Остановились. Катя слезла набрать букет. Цветы были уже осыпающиеся, с жесткими, сухими стеблями, пахли сеном, и все-таки они ей нравились. Ей казалось, что она опять девочка — так свежо воспринималось все… Краски были кругом такие, как в детстве, — яркие, сильные, без полутонов, Давно она не видела мир так просто и определенно.
— Неужели домой? — спросила она и добавила почти жалобно: — Может, побродим?
По его лицу она поняла, что ему тоже не хочется расставаться.
Несколько дней спустя Катя пыталась сложить из отдельных впечатлений что-то последовательное, о чем можно было бы записать в дневник. Но ничего не получилось. Так и остались в памяти разрозненные куски чего-то необыкновенного, яркого, неповторимого… Но только куски.
…Вот перед ними канава, полузаросшая травой. Катя разбежалась и прыгнула через нее, и получилось легко и изящно. В жизни так не прыгала.
— Откуда здесь канава?
— Лес горел. Копали, чтоб огонь перехватить.
На минуту представила себе пламя, дым, услышала потрескивание горящих сучьев, грохот падающих деревьев. Невольно вздрогнула.
… В сыром осиннике нашли опустевшее гнездо и подле него в начинающей желтеть траве осколки пестрых скорлупок. Здесь же темнел удивительный гриб: слезящийся, трухлявый, вот-вот готовый развалиться, а на шляпке его разместилось несколько маленьких грибков. Катя наклонилась, чтобы взять его, но тут же отдернула руку. Из черного летка в земле с угрожающим жужжанием вылетали земляные осы.
…Зашли в смородинник.
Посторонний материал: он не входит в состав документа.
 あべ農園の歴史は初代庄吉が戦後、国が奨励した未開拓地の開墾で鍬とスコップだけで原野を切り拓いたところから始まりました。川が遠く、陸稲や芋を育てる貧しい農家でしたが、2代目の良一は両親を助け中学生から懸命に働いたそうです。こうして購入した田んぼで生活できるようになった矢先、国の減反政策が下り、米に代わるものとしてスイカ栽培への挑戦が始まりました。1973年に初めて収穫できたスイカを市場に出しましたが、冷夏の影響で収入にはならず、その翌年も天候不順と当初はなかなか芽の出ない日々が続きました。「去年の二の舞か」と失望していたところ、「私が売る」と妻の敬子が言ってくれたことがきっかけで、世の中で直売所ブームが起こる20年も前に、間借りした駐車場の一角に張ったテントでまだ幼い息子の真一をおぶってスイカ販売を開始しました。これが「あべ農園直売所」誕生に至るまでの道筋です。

Кое-где на ветвях висели еще не осыпавшиеся крупные, чуть подвядшие, черные ягоды. Лицо и руки мгновенно облепили комары. Илья достал из кармана флакончик диметилфталата, капнул Кате на розовую ладошку густую душистую каплю.
— Натирайтесь.
Набрали по горсти ягод, и вдруг Катя увидела зайца. Он сидел, прижав длинные уши к спине, всего в двух шагах от нее. Ясно были видны глаза его — темные, полные лесной, пугливой тьмы. Катя протянула к нему руку. Он прыгнул, как отпущенная пружина, прошуршал сухой травой, исчез.
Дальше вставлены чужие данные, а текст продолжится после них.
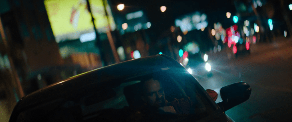 Vincent Van Horn is Andy, a teacher recently relocated from Austin, Texas to LA following a breakup with his girlfriend; it’s an area he doesn’t know at all. One evening, nursing a drink in a dive bar, he meets Sam (Christine Ko), a location finder for music festivals. They’re two lonely souls who hit it off immediately. After the bar Sam invites him home; she has already pre-booked a Ryde trip, the cab being driven by Roger (Michael Lee Joplin) who comes on a bit over friendly with Andy.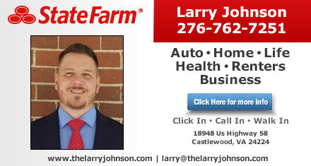 Contacts --Located in Castlewood, VA, Larry Johnson - State Farm Insurance Agent offers all types of insurance such as Auto Insurance, Home Insurance, Life Insurance, Health, Renters and Business Insurance. Our mission is to help people manage the risks of everyday life, recover from the unexpected and realize their dreams. State Farm products include auto insurance, home owner insurance, Commercial insurance, small business insurance, life insurance, health insurance, long-term care, annuities, recreational vehicle insurance, trailers, farm & ranch insurance, and much more!

…Дальше пробирались, взявшись за руки, по кочкам через болото, где сквозь дремотную воду виднелось рыжее дно. Было немного страшно податливой мягкости под ногами, сумрачной, нетронутой тишины, таинственного бездорожья.
— А мы не заблудимся? — встревоженно спросила Катя.
Илья засмеялся.
… Вышли на поляну, заросшую высокой травой. Вокруг огромные пни.
— Как хорошо здесь! — воскликнула Катя.
Ей казалось: что-то настоящее высвободилось в ней, а то обычное, ежедневное, оставленное вместе с нейлоновой кофточкой и узкой юбкой, было не настоящее, не ее.
Она кинулась на траву. Как давно не лежала она вот так на траве, открыв лицо солнцу! Илья сел чуть поодаль.
Когда-то в детстве она жила в деревне. Потом семья переехала в город, а деревня осталась в душе зеленым, солнечным уголком. Иногда она звала Катю к себе, но все реже. Годы учебы, смерть матери, новая женитьба отца, самостоятельная, трудная жизнь — некогда было хоть раз вернуться к этим деревьям, к этой траве. Все здешнее казалось ей знакомым, почти родным.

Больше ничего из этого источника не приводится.